The whole Tesla has more data argument is moot if the data is inaccurate.

Is lidar that helpful for labeling? It can tell you an object it there, but how much does it do beyond that? Or does one use it to sub set the image and provide the clipped view for human ID?
 
I think you also need to consider how cost prohibitive LIDAR is at the moment. The Verge released a video on Waymo in December last year where they estimated that the sensors and compute for a single test vehicle costs $400,000. That massive up-front investment in sensors means that while Tesla can make money shipping their camera-based vehicles across the world, it would cost Google millions and millions of dollars to even approach a small fleet in all 50 states, let alone in every country.

LIDAR may give Waymo and others the advantage in small-scale rollout, but affordability gives Tesla the advantage in global rollout and global data gathering.

In terms of the cost of Waymo's FSD, I think there are a few things to bear in mind. First, costs usually come down between the prototype phase and the final production phase. Also, when Waymo first started their FSD project, they probably were not 100% sure what hardware they would need to achieve FSD. So they probably erred on the side of overkill to get to FSD, knowing they can always cut back, rather than risk not having enough hardware to do FSD at all. Now that Waymo has a functioning robotaxi with lots of autonomous miles, they have a better sense of what they can maybe cut back on and still have safe FSD. Also, the cost of the hardware is coming down.

Second, there are two types of lidar. There is the spinning type that Velodyne makes that you see on the roof of some autonomous cars. That lidar cost $75k a piece. Then, there is solid state lidar from companies like luminar are making, that are smaller and don't spin. That lidar only costs around $500 a piece. So it should be possible to use that type of lidar instead of the costly spinning type to drastically bring down the overall cost of the FSD hardware. In fact, cars like the Lucid Air will be equipped with several lidar sensors of the non-spinning type that are cheaper. So I think the overall cost even with lidar will be drastically less than $400k.

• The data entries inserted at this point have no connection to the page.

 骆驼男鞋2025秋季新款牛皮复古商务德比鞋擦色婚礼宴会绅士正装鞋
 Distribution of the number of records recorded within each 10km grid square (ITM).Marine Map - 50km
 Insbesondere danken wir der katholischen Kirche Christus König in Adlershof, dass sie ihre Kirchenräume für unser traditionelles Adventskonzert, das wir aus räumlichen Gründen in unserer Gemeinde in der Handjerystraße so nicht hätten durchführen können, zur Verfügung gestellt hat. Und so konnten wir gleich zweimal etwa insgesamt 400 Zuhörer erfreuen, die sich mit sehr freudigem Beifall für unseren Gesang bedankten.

Lastly, there is the question of whether Tesla's hardware is even good enough to do safe FSD at all. Yes, Tesla has a big advantage in terms of global rollout but if the hardware is not good enough to do safe FSD, then the advantage is irrelevant.
 
Is lidar that helpful for labeling? It can tell you an object it there, but how much does it do beyond that? Or does one use it to sub set the image and provide the clipped view for human ID?

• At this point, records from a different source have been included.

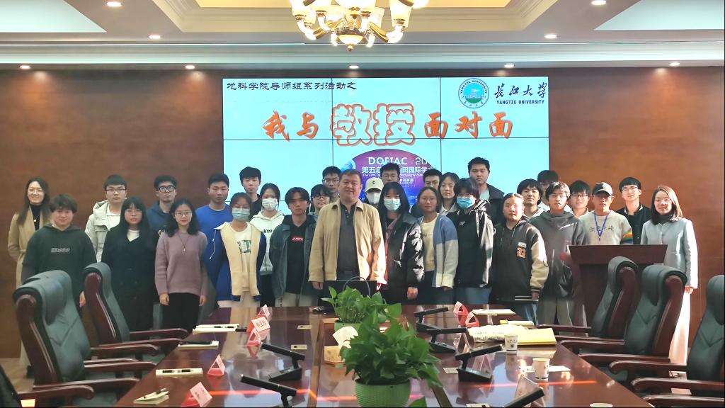 于石油科技大楼C201会议室举办地科院导师组系列活动之“我与教授面对面”座谈会(第十五期)。本次座谈会由地科院地信系何贞铭副教授主讲,党委副书记任倩主持,辅导员王红桥、郭霖以及20、21届30余名同学参加。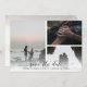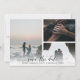 "Script Typography Save the Date 4 Photo Collage Announcement." Simple. Modern. Elegant script handwriting typography with flourishes for a Save the date with four photo openings, three on the front and a larger image on the back. Graphically designed by internationally licensed artist and designer, Audrey Jeanne Roberts, copyright.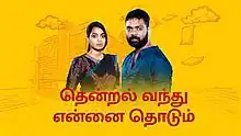 Thendral Vandhu Ennai Thodum (transl. The Breeze Will Come and Touch Me) is a 2021-2023 Indian Tamil-language television series that aried on Star Vijay and streams on Disney+ Hotstar.[1][2][3] It is the remake of the television series Khelaghor, which is aired on Star Jalsha,[4] however the plot eventually deviates. It premiered on 16 August 2021 and ended on 11 November 2023 with 686 episodes.[5] The show replaced Anbudan Kushi time slot and was replaced by Nee Naan Kaadhal.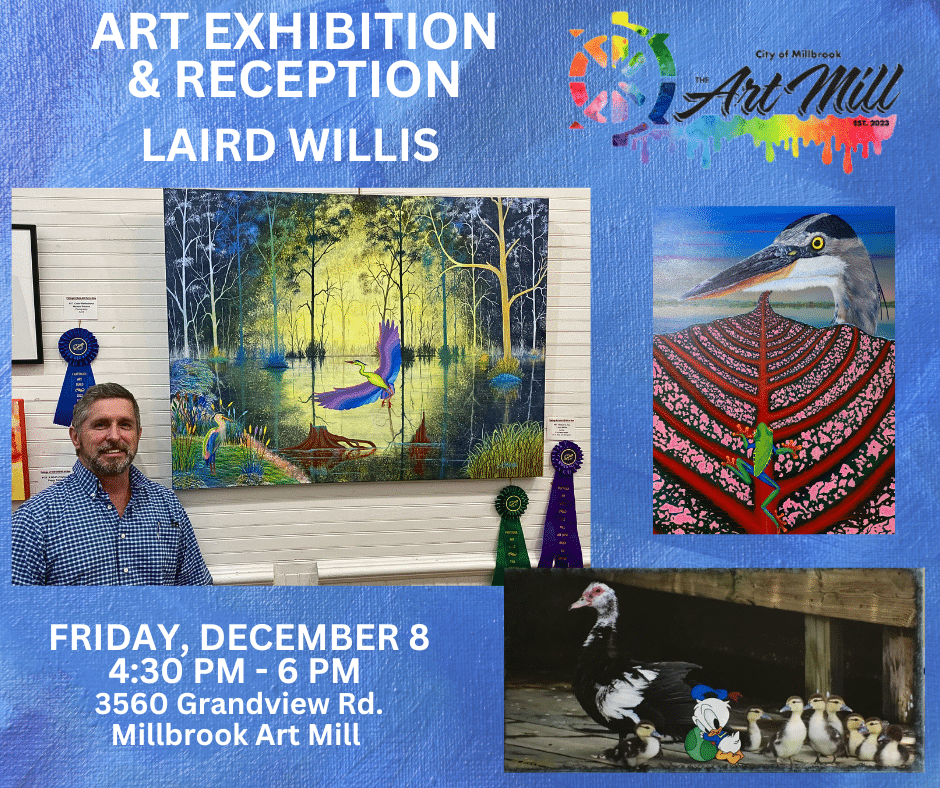 The Millbrook Art Mill welcomes Artis Laird Willis Friday from 4:30 to 6 p.m. The Art Mill is located in Millbrook at 3560 Grandview Road. The public is welcome to attend.

Lidar is extremely helpful for labeling. Just to give you an example. Let's say you have a pedestrian. The lidar knows exactly the pedestrians size, distance, and speed. The lidar can also persist the pedestrian volume in the 3-D environment. The human labeler can simply label the front of the pedestrian, and the lidar can then take care of the rest of the labels. So for example, if the pedestrian turns around and walks another direction, there's no need to relabel the front of the pedestrian because the persisted 3-D object was tracked at more than five refreshes a second using the lidar, that means all of the camera images of the pedestrian turning and moving a different direction was properly labeled by the lidar's accuracy throughout the video input. The human labeler only needed to label the front of the pedestrian once in order to get a large number of properly labeled pedestrian orientations and speeds using the data from the lidar.
 
Lidar is extremely helpful for labeling. Just to give you an example. Let's say you have a pedestrian. The lidar knows exactly the pedestrians size, distance, and speed. The lidar can also persist the pedestrian volume in the 3-D environment. The human labeler can simply label the front of the pedestrian, and the lidar can then take care of the rest of the labels. So for example, if the pedestrian turns around and walks another direction, there's no need to relabel the front of the pedestrian because the persisted 3-D object was tracked at more than five refreshes a second using the lidar, that means all of the camera images of the pedestrian turning and moving a different direction was properly labeled by the lidar's accuracy throughout the video input.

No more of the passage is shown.